**Task objective**
All of the listing, from first line to last, should be output exactly; the pictures stay out.

**Raw data**
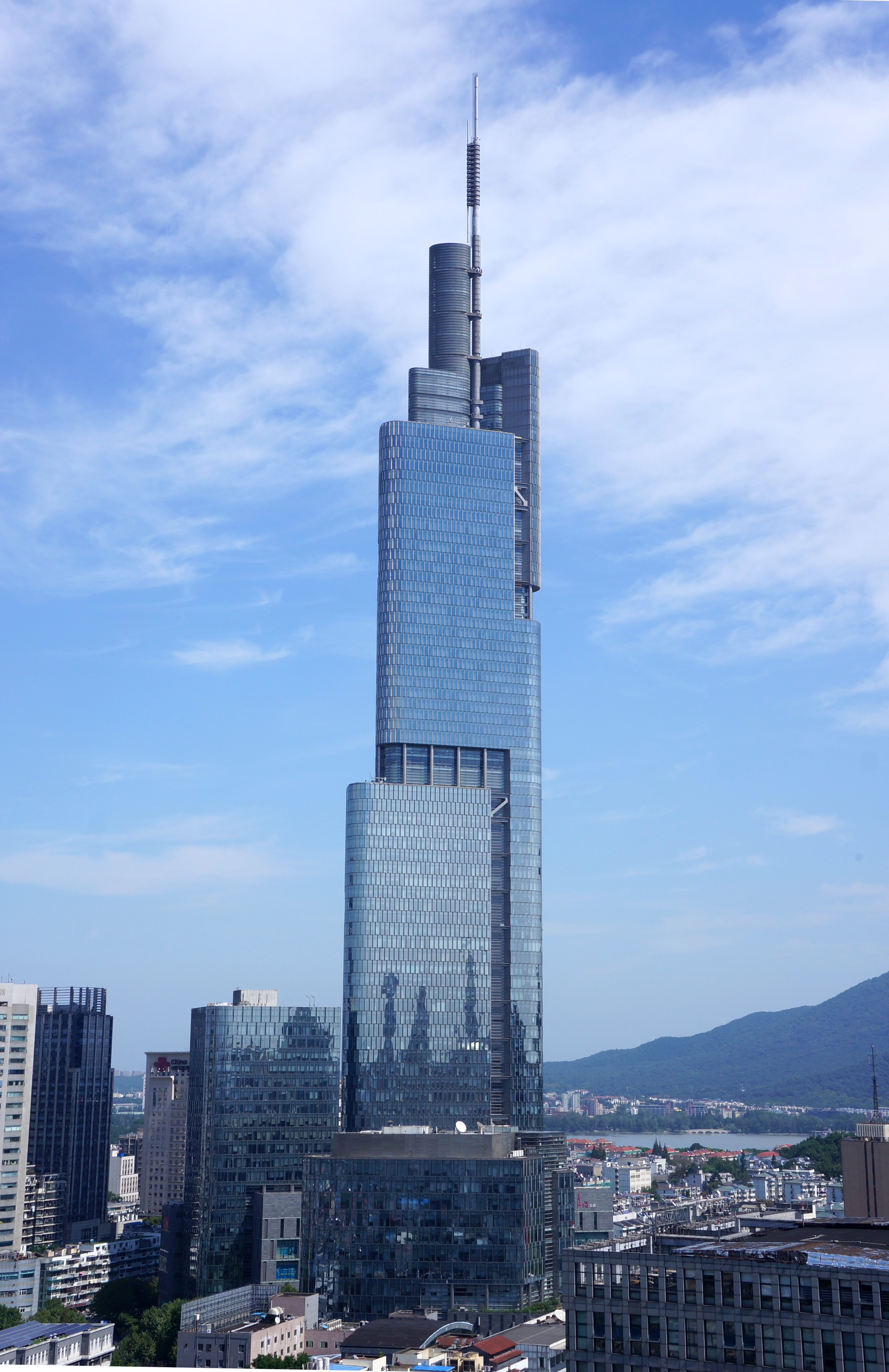 Zifeng Tower in Nanjing, taken in 2017
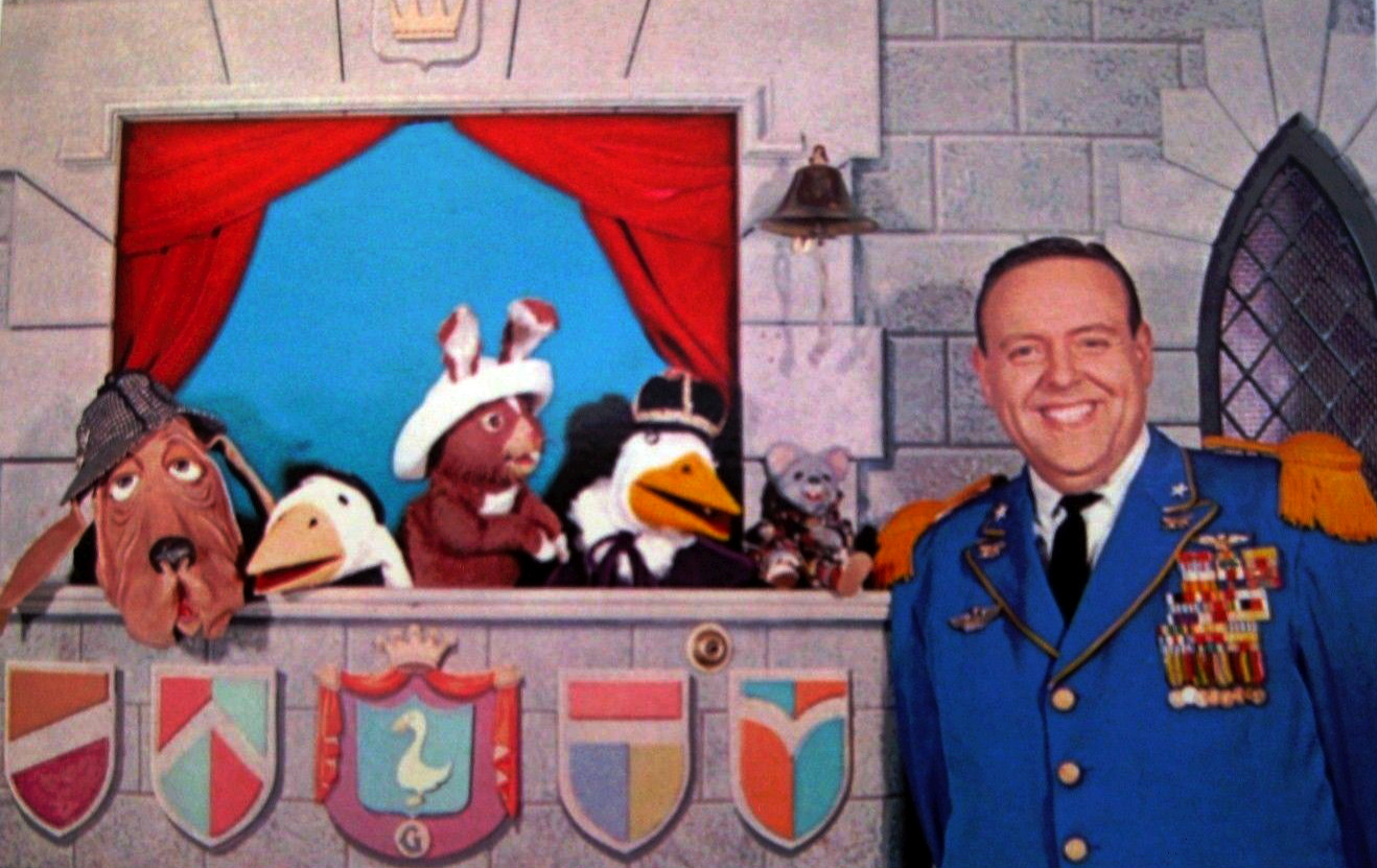 Postcard of Beauregard Burnside III, Chris Goose, Romberg Rabbit, Garfield Goose, Mackintosh Mouse and Frazier Thomas from Garfield Goose and Friends on WGN-TV.
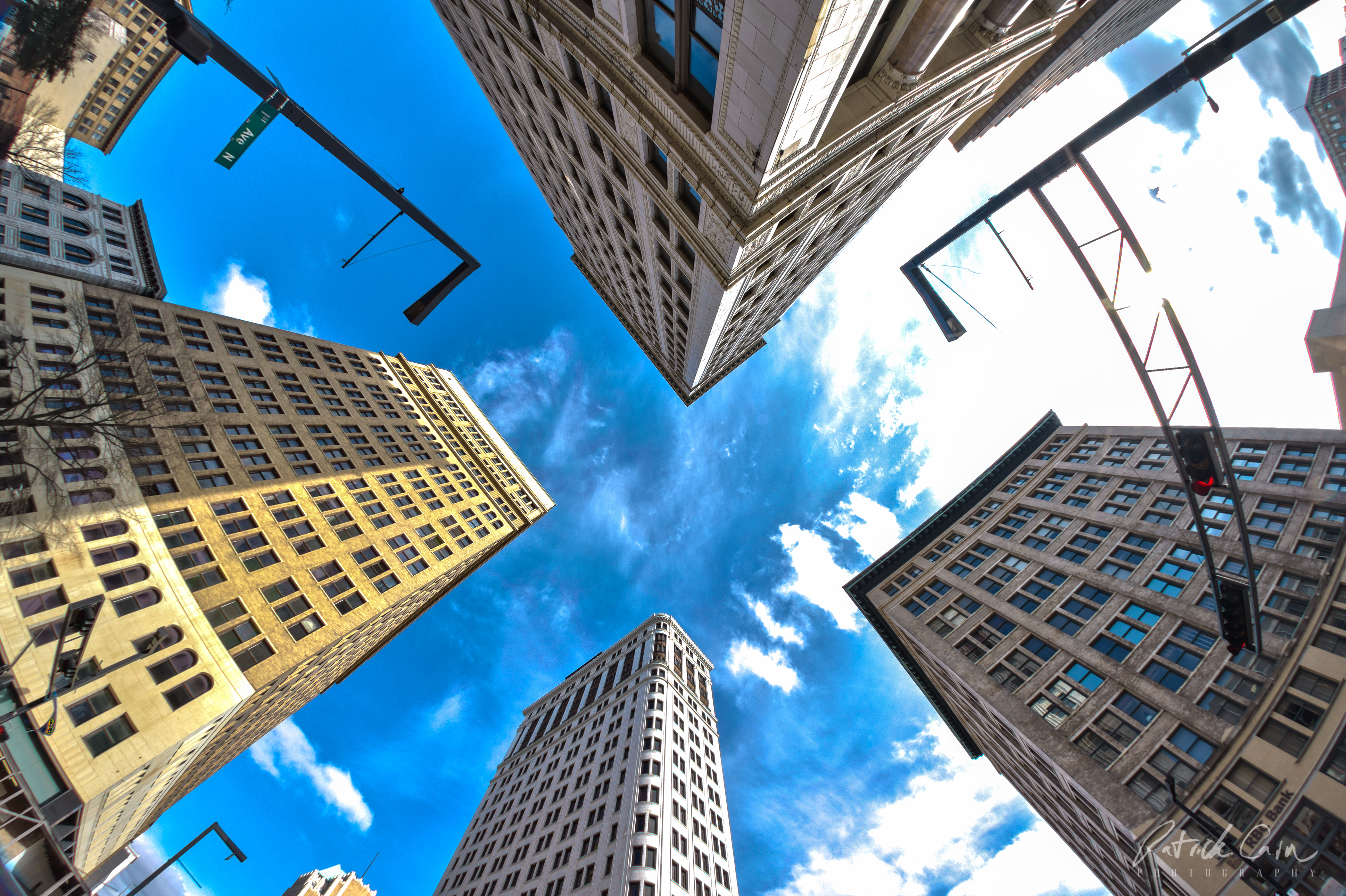 The Heaviest Corner on Earth in Birmingham, Alabama

**Reply**
 Zifeng Tower in Nanjing, taken in 2017
 Postcard of Beauregard Burnside III, Chris Goose, Romberg Rabbit, Garfield Goose, Mackintosh Mouse and Frazier Thomas from Garfield Goose and Friends on WGN-TV.
 The Heaviest Corner on Earth in Birmingham, Alabama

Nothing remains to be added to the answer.